**SUPPLIED RECORDS**:
__________________________________________________

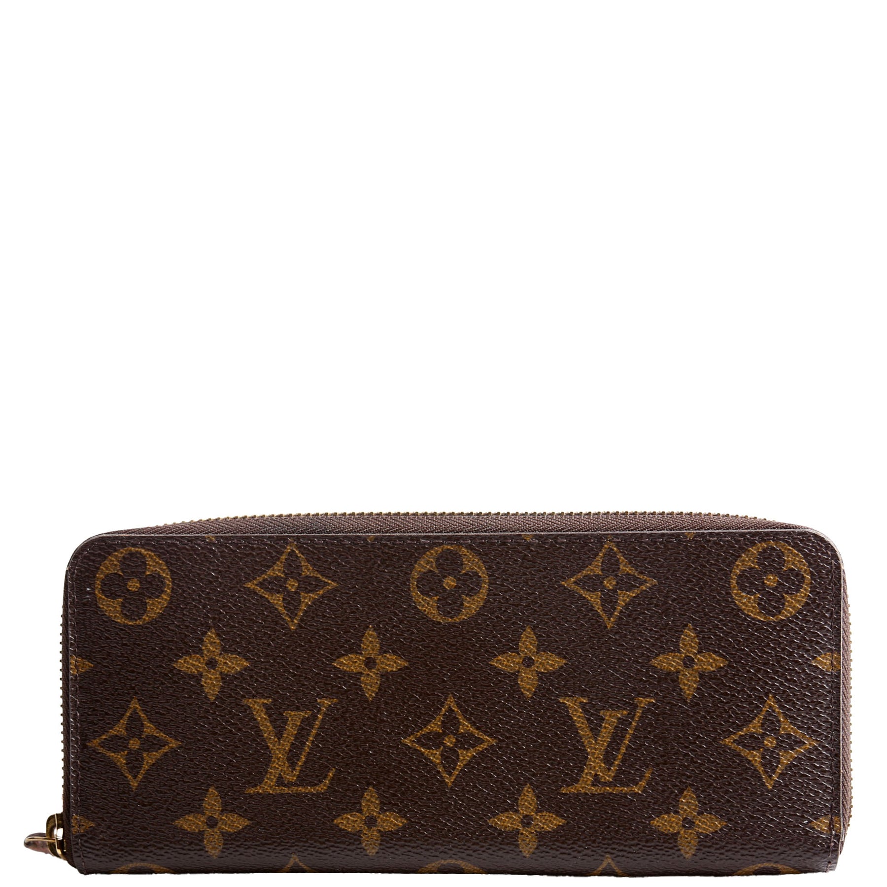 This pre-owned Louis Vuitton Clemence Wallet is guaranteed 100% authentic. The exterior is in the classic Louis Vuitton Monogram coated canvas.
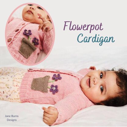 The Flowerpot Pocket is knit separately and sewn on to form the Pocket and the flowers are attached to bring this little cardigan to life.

__________________________________________________

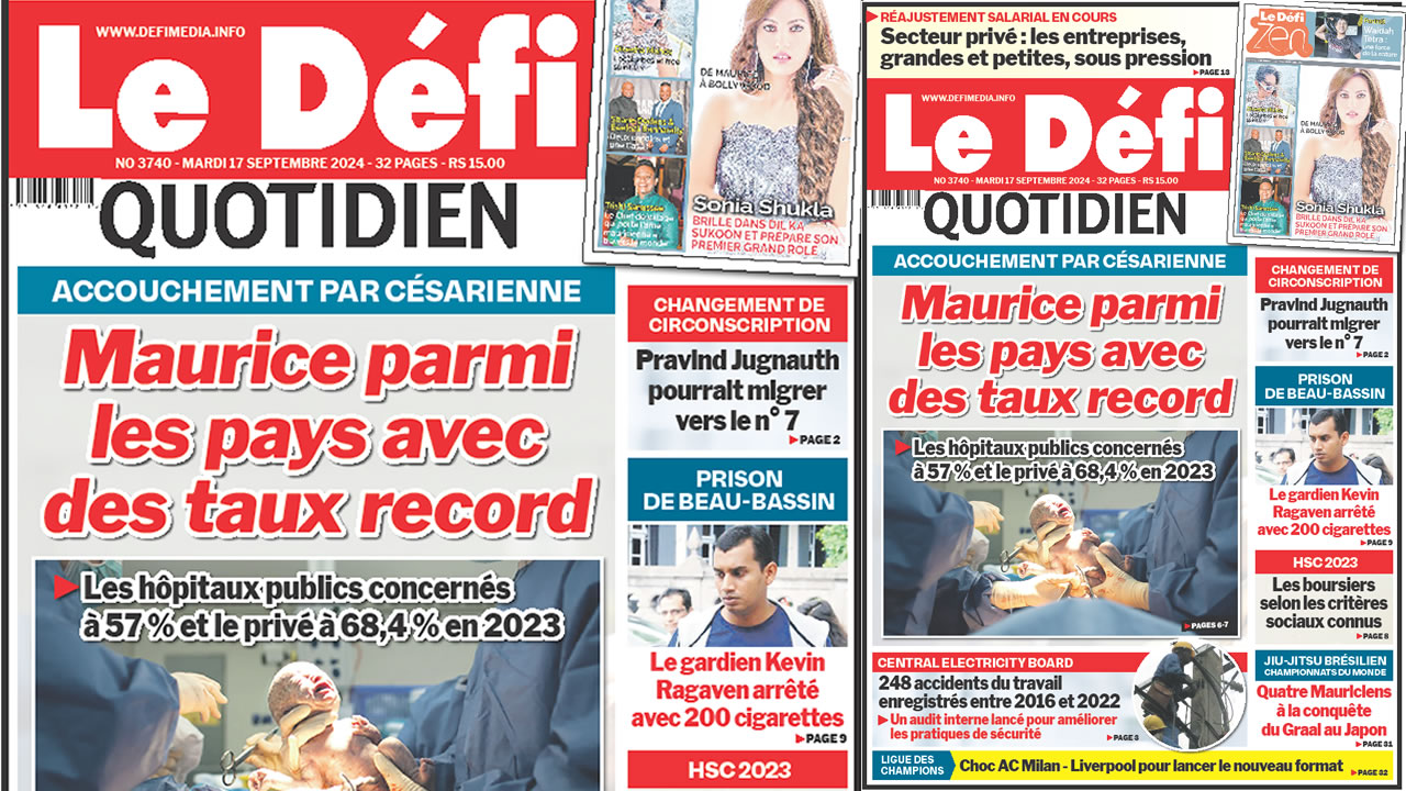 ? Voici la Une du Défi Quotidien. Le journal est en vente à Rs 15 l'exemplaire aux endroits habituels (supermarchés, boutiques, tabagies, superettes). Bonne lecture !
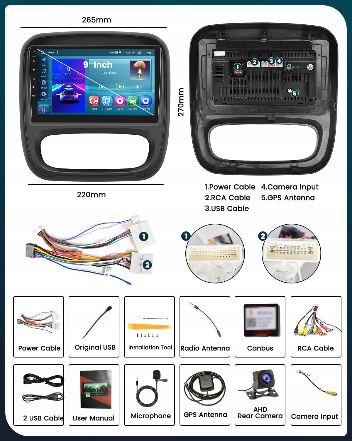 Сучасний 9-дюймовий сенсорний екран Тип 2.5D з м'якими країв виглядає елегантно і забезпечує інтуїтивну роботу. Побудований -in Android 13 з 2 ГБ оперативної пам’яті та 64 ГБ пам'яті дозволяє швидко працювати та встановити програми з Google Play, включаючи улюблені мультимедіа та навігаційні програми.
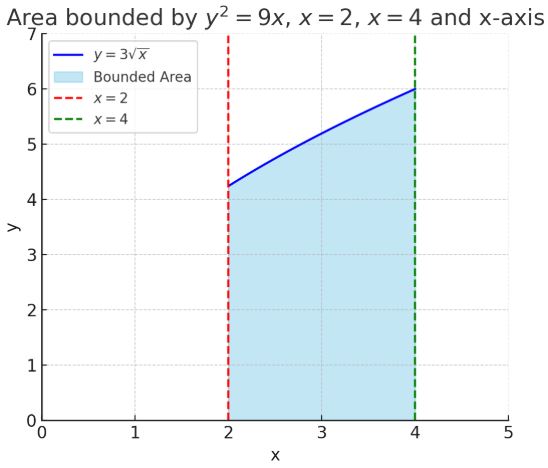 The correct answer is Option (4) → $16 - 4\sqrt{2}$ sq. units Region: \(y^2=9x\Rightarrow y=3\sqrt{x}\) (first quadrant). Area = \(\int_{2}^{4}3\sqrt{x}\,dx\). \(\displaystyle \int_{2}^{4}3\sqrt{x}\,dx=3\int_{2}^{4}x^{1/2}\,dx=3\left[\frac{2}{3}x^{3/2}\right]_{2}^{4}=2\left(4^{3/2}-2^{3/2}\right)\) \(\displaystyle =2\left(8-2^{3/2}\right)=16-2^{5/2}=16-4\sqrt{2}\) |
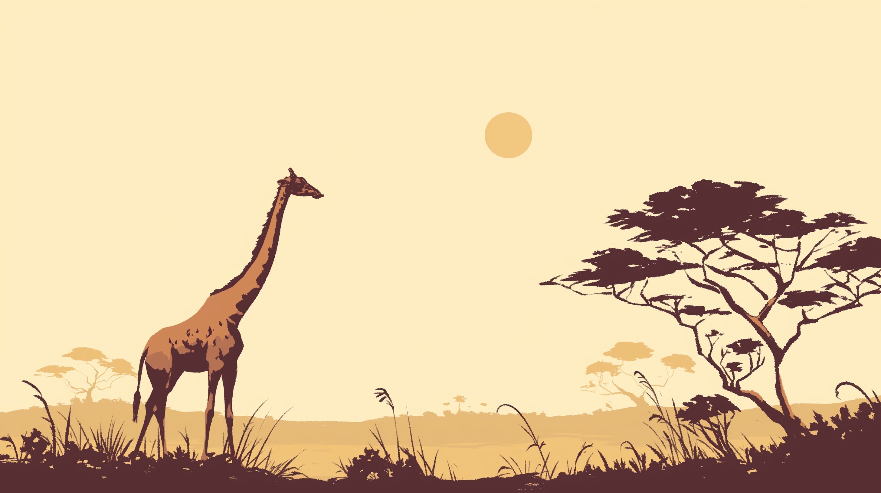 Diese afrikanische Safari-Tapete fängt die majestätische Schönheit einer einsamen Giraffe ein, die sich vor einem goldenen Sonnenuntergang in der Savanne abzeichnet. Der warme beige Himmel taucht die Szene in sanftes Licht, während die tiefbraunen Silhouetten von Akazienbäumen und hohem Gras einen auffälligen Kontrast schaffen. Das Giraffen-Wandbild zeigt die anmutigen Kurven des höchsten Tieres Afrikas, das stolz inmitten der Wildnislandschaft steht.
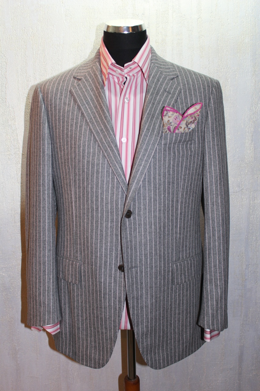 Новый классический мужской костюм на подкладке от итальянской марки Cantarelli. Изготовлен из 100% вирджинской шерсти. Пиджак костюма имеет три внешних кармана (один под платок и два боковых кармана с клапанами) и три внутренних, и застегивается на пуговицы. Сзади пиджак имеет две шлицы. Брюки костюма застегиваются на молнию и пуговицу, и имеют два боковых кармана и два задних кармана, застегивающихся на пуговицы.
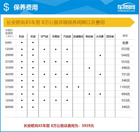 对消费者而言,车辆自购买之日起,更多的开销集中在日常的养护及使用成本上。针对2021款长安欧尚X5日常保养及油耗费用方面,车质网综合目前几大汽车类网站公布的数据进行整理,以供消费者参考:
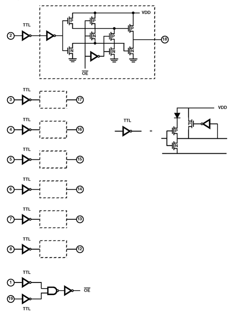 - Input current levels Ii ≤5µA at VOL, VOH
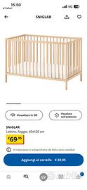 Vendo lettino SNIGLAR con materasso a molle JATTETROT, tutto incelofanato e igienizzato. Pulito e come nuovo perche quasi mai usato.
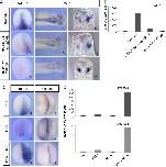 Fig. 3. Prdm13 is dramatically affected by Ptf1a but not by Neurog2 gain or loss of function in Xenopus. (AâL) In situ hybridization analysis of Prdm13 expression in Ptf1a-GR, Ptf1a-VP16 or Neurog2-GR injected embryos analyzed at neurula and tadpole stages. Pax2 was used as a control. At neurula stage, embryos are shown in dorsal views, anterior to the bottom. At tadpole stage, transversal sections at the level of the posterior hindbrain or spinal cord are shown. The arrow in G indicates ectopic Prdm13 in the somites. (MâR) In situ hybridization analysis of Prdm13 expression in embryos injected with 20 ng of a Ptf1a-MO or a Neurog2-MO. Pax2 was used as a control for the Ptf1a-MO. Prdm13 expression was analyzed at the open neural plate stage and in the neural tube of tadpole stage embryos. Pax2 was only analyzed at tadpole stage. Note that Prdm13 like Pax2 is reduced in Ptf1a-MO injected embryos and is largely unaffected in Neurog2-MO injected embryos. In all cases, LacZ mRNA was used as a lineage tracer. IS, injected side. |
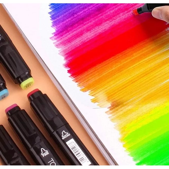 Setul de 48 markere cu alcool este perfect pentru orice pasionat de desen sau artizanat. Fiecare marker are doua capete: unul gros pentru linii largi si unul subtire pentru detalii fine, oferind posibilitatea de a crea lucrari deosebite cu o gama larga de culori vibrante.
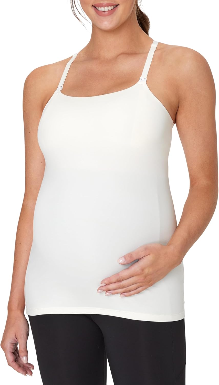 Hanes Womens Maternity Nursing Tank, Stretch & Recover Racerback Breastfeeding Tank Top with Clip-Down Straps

__________________________________________________

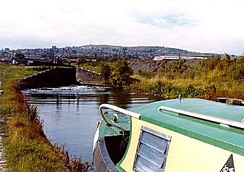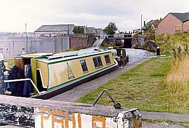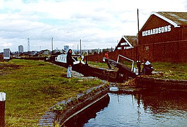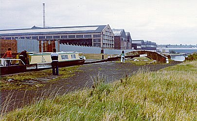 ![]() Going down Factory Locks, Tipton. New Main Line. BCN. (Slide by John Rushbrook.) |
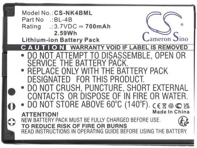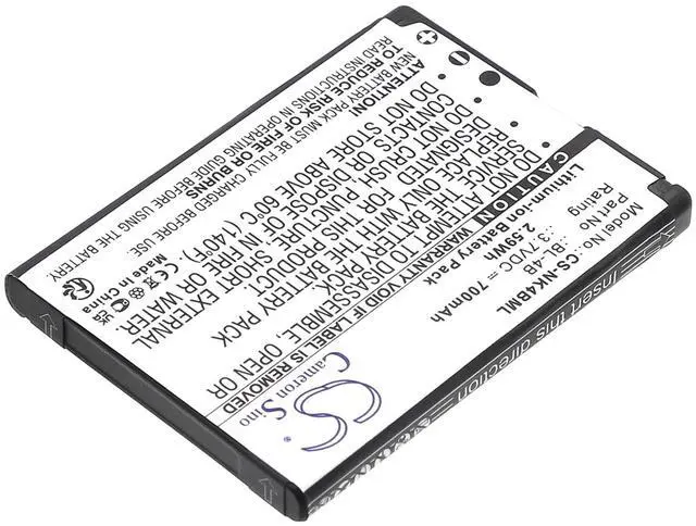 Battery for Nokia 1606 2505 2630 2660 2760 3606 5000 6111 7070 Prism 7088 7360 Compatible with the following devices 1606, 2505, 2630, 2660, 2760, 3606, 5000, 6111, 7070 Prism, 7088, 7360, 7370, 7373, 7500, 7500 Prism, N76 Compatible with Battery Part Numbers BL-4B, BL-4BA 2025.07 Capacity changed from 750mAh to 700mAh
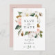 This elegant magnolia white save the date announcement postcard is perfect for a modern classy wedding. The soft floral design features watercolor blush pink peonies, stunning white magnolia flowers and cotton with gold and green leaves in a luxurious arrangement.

__________________________________________________

**REQUIRED WORK**:
Only one part of the listing is wanted: the lines from the one containing "This pre-owned Louis" through the one containing "The Flowerpot Pocket", both included. Please transcribe it exactly, leaving out the pictures.

**SOLUTION TO THIS EXERCISE**:
 This pre-owned Louis Vuitton Clemence Wallet is guaranteed 100% authentic. The exterior is in the classic Louis Vuitton Monogram coated canvas.
 The Flowerpot Pocket is knit separately and sewn on to form the Pocket and the flowers are attached to bring this little cardigan to life.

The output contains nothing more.